Top of Records shown

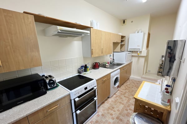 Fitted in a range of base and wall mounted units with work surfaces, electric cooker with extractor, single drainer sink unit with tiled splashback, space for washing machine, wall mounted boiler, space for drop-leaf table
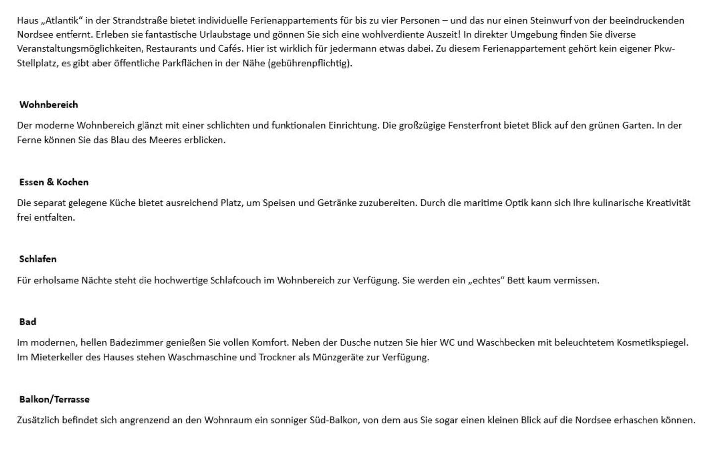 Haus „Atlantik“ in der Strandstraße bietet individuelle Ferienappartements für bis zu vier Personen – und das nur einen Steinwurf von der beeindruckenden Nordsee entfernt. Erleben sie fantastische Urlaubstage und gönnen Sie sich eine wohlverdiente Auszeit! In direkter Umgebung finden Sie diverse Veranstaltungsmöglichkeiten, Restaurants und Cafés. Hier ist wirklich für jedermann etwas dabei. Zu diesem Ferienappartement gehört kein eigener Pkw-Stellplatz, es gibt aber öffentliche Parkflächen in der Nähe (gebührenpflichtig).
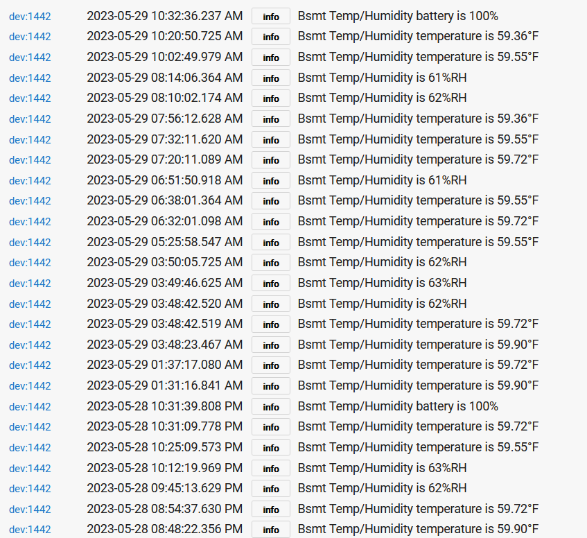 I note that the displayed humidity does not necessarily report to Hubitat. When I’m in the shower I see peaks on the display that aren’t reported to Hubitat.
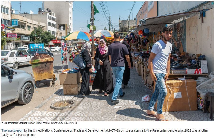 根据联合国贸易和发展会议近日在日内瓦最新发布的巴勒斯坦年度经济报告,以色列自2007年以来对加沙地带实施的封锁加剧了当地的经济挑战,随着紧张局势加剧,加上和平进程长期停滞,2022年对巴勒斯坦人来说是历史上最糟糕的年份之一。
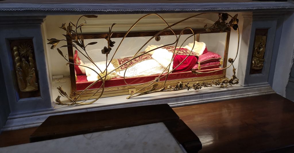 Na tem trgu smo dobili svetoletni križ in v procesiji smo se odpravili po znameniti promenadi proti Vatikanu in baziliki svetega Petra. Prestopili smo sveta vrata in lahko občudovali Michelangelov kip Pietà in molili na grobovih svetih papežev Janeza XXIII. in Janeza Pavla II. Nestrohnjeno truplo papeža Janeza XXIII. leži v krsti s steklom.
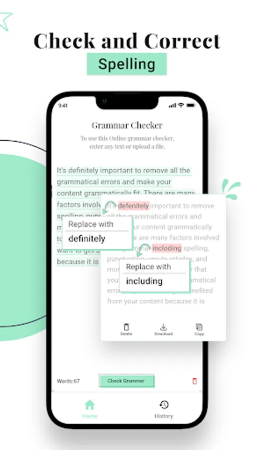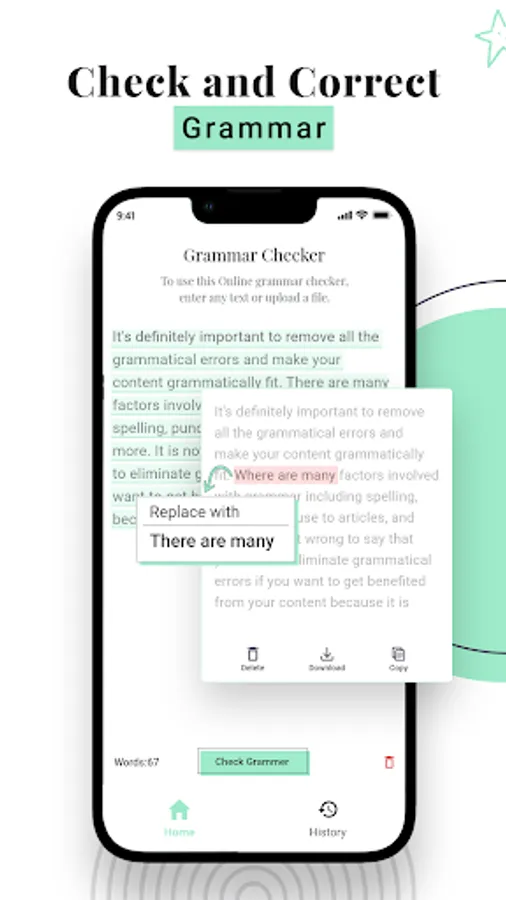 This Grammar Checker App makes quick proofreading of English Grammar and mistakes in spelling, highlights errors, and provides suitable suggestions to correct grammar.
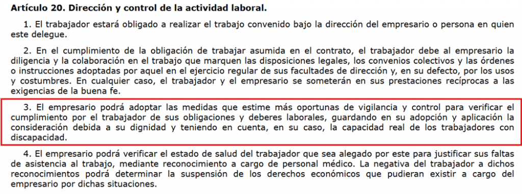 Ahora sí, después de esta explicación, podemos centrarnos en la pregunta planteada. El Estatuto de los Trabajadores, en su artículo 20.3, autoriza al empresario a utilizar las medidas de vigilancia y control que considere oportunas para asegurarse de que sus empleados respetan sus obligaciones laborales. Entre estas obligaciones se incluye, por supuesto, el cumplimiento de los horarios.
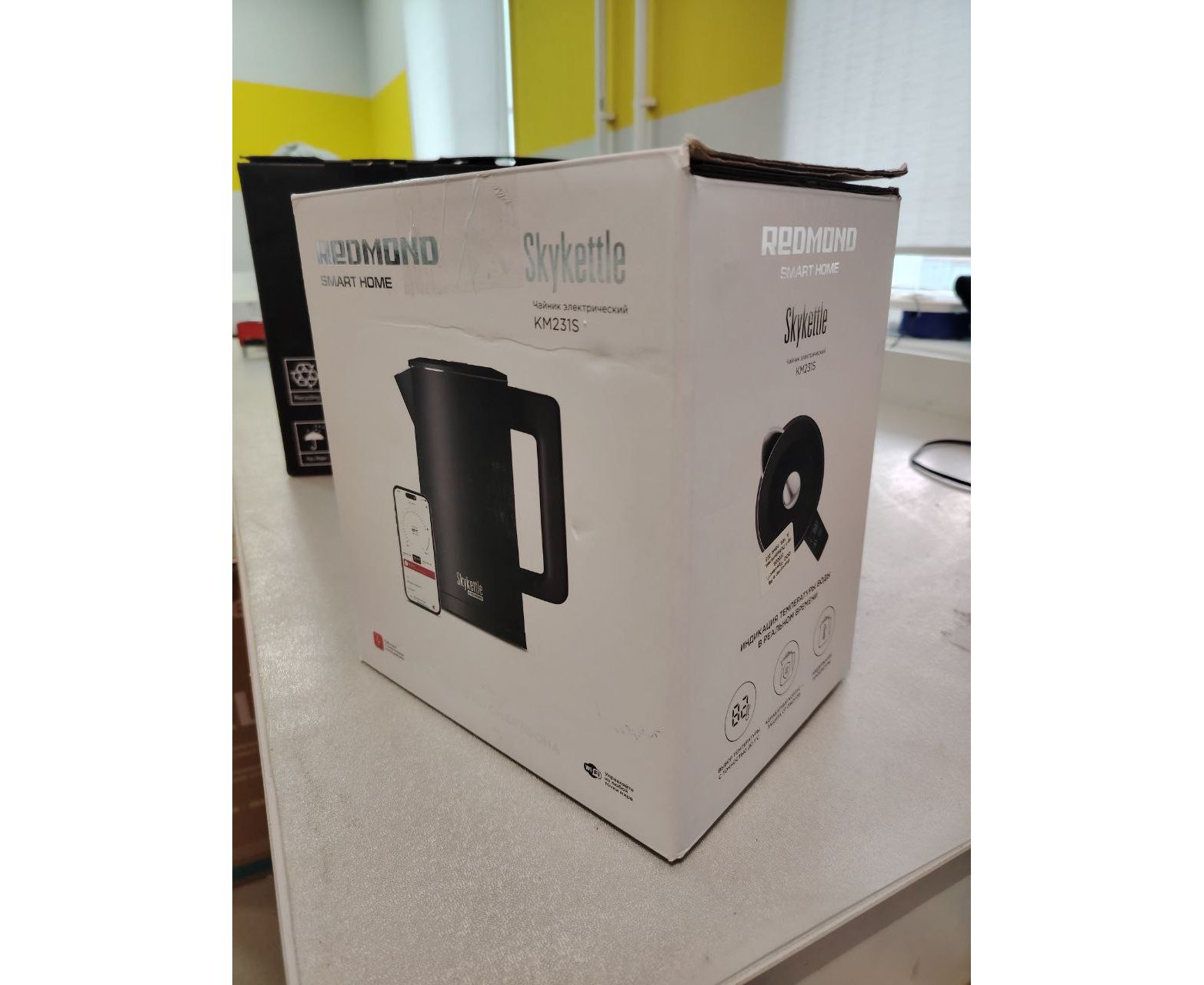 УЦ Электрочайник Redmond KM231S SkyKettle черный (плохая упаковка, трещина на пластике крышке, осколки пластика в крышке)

Bottom of Records shown

▸ Assignment:
Repeat word for word the lines from the one holding "Na tem trgu" through the last line of the listing above, including both ends. Drop the pictures.

▸ Task result:
 Na tem trgu smo dobili svetoletni križ in v procesiji smo se odpravili po znameniti promenadi proti Vatikanu in baziliki svetega Petra. Prestopili smo sveta vrata in lahko občudovali Michelangelov kip Pietà in molili na grobovih svetih papežev Janeza XXIII. in Janeza Pavla II. Nestrohnjeno truplo papeža Janeza XXIII. leži v krsti s steklom.
 This Grammar Checker App makes quick proofreading of English Grammar and mistakes in spelling, highlights errors, and provides suitable suggestions to correct grammar.
 Ahora sí, después de esta explicación, podemos centrarnos en la pregunta planteada. El Estatuto de los Trabajadores, en su artículo 20.3, autoriza al empresario a utilizar las medidas de vigilancia y control que considere oportunas para asegurarse de que sus empleados respetan sus obligaciones laborales. Entre estas obligaciones se incluye, por supuesto, el cumplimiento de los horarios.
 УЦ Электрочайник Redmond KM231S SkyKettle черный (плохая упаковка, трещина на пластике крышке, осколки пластика в крышке)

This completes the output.